__Data for this task__

· · · · ·

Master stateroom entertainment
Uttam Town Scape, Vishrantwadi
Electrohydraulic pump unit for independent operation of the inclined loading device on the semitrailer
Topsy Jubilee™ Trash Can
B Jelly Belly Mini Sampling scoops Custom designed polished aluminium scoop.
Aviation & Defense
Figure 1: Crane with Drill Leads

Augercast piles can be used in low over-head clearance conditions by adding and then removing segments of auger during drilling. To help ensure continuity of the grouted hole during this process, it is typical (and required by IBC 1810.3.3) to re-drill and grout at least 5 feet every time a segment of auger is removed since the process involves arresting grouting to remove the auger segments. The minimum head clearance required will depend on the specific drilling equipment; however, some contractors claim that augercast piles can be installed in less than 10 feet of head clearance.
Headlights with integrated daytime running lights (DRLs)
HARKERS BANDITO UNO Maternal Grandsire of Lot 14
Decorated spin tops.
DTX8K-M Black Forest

· · · · ·

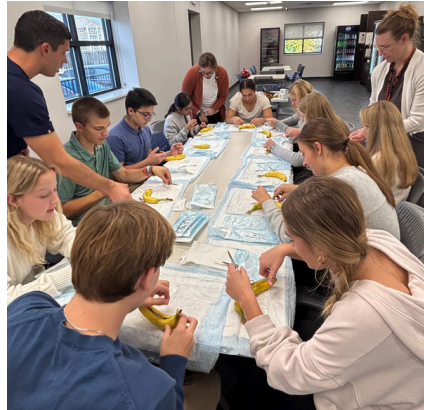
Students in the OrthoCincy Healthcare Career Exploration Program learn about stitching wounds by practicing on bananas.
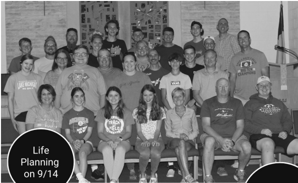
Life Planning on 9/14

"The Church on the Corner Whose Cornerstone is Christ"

· · · · ·

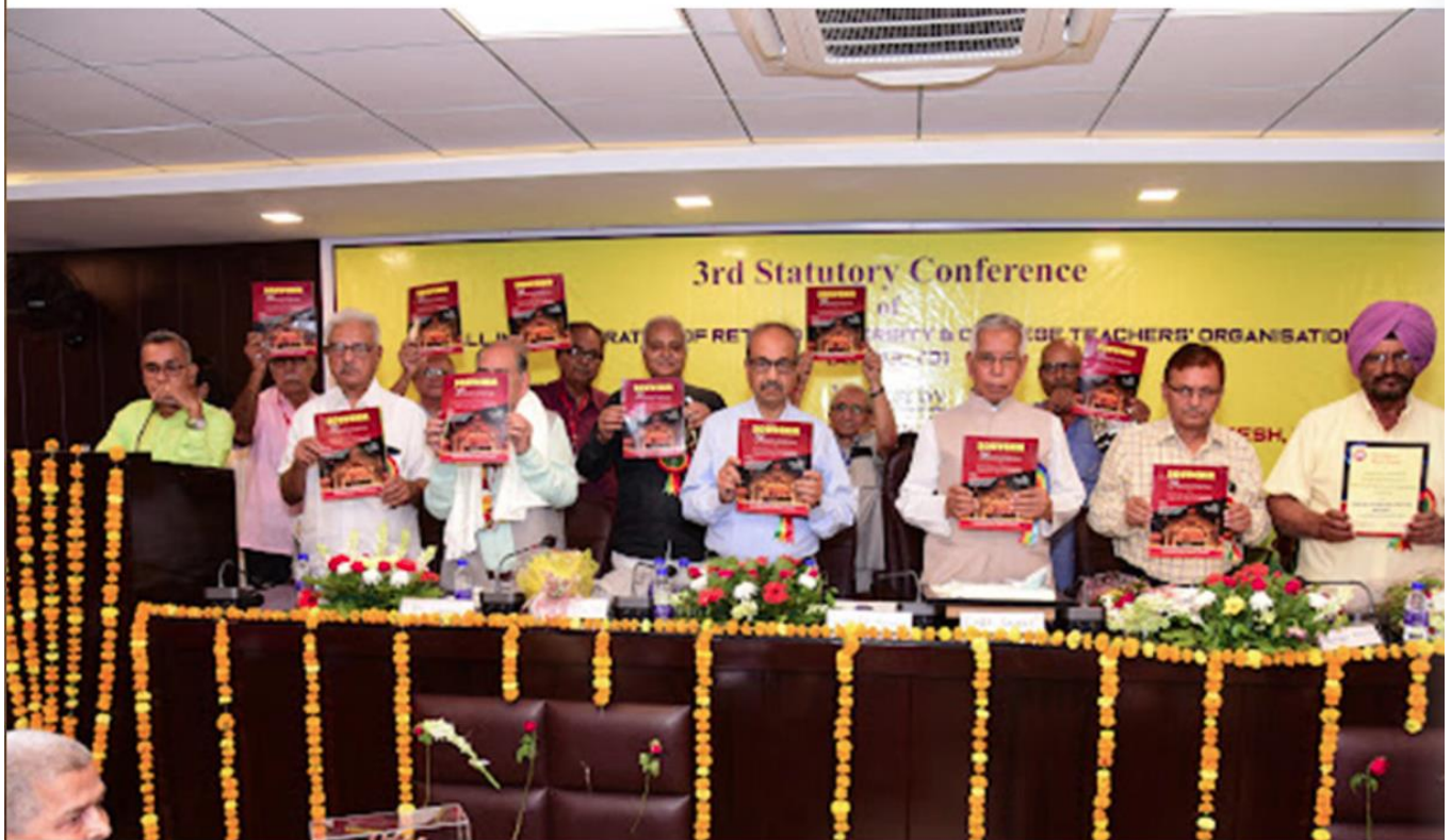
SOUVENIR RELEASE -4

· · · · ·

__What the task asks__
Beginning at the line above with "Augercast piles can be used" and finishing at the line with "DTX8K-M Black Forest", return each line exactly and return nothing else.

__Task answer__
Augercast piles can be used in low over-head clearance conditions by adding and then removing segments of auger during drilling. To help ensure continuity of the grouted hole during this process, it is typical (and required by IBC 1810.3.3) to re-drill and grout at least 5 feet every time a segment of auger is removed since the process involves arresting grouting to remove the auger segments. The minimum head clearance required will depend on the specific drilling equipment; however, some contractors claim that augercast piles can be installed in less than 10 feet of head clearance.
Headlights with integrated daytime running lights (DRLs)
HARKERS BANDITO UNO Maternal Grandsire of Lot 14
Decorated spin tops.
DTX8K-M Black Forest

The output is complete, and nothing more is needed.